How AI Is Being Used to Benefit Your Healthcare

The age of artificial intelligence (AI) and machine learning has arrived. And with it, comes the promise to revolutionize healthcare. There are projections that AI in healthcare will become a $188 billion industry worldwide by 2030. But what will that actually look like? How might AI be used in a medical context? And what can you expect from AI when it comes to your own personal healthcare?

Already, healthcare providers, surgeons and researchers are using AI to develop new drugs and treatments, diagnose complex conditions more efficiently and improve patients’ access to critical care — and this is only the beginning.

Our experts share how AI is being used in healthcare systems right now and what we can expect down the line as the innovation and experimentation continues.

What are the benefits of using AI in healthcare and hospitals?

Artificial intelligence describes the use of computers to do certain jobs that once required human intelligence. Examples include recognizing speech, making decisions and translating between different languages.

Machine learning is a branch of AI that focuses on computer programming. It uses extremely large datasets and algorithms to learn how to do complex tasks and solve problems similar to the way a human would.

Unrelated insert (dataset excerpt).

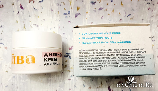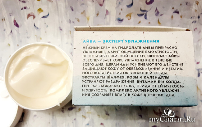 Крем нежно-желтоватого оттенка, с чудесным лёгким ароматом айвы. Текстура кремовая, чуть маслянистая, но на коже впитывается быстро, не оставляя следов липкости или жирности, не стягивает кожу. Именно благодаря такой текстуре крем как будто тает на коже и расходуется очень экономно. При умывании нет ощущения окклюзии. Крем отлично держит влагу в течение дня, не даёт коже сохнуть, а значит выполняет свое назначение на все 100%.
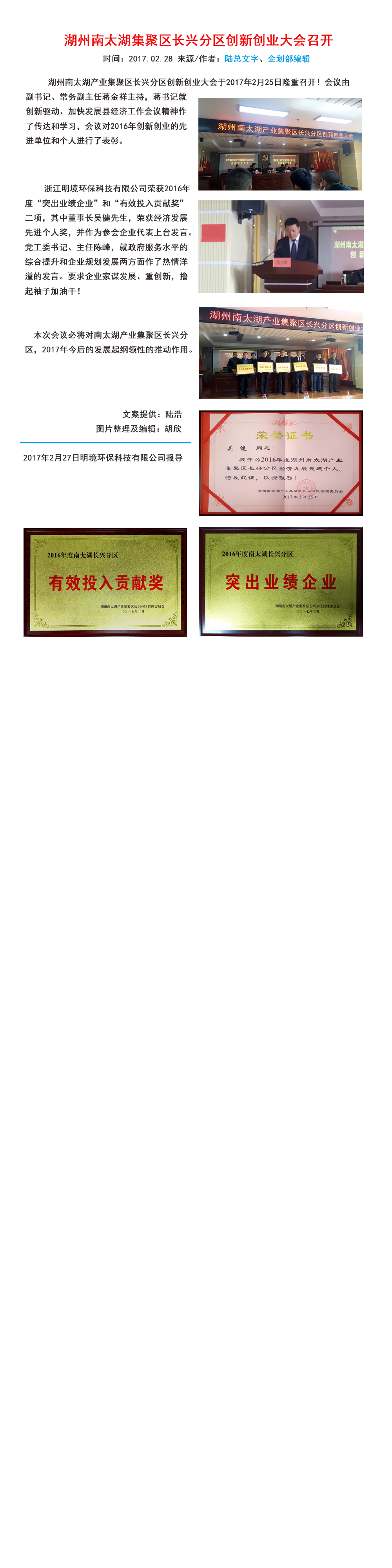 湖州南太湖集聚區(qū)長興分區(qū)創(chuàng)新創(chuàng)業(yè)大會召開

When used together, AI and machine learning can help us be more efficient and effective than ever before. These tools are being used with thousands of datasets to improve our ability to research various diseases and treatment options. These tools are also used behind the scenes, even before patients arrive onsite for care, to improve the patient experience.

From radiology to neurology, emergency response services, administrative services and beyond, AI is changing the way we take care of ourselves and each other. In many ways, these innovations are forcing us to confront age-old questions: How can we continue to push ourselves to be better at what we already do well? And what’s left to learn as we embrace groundbreaking technology?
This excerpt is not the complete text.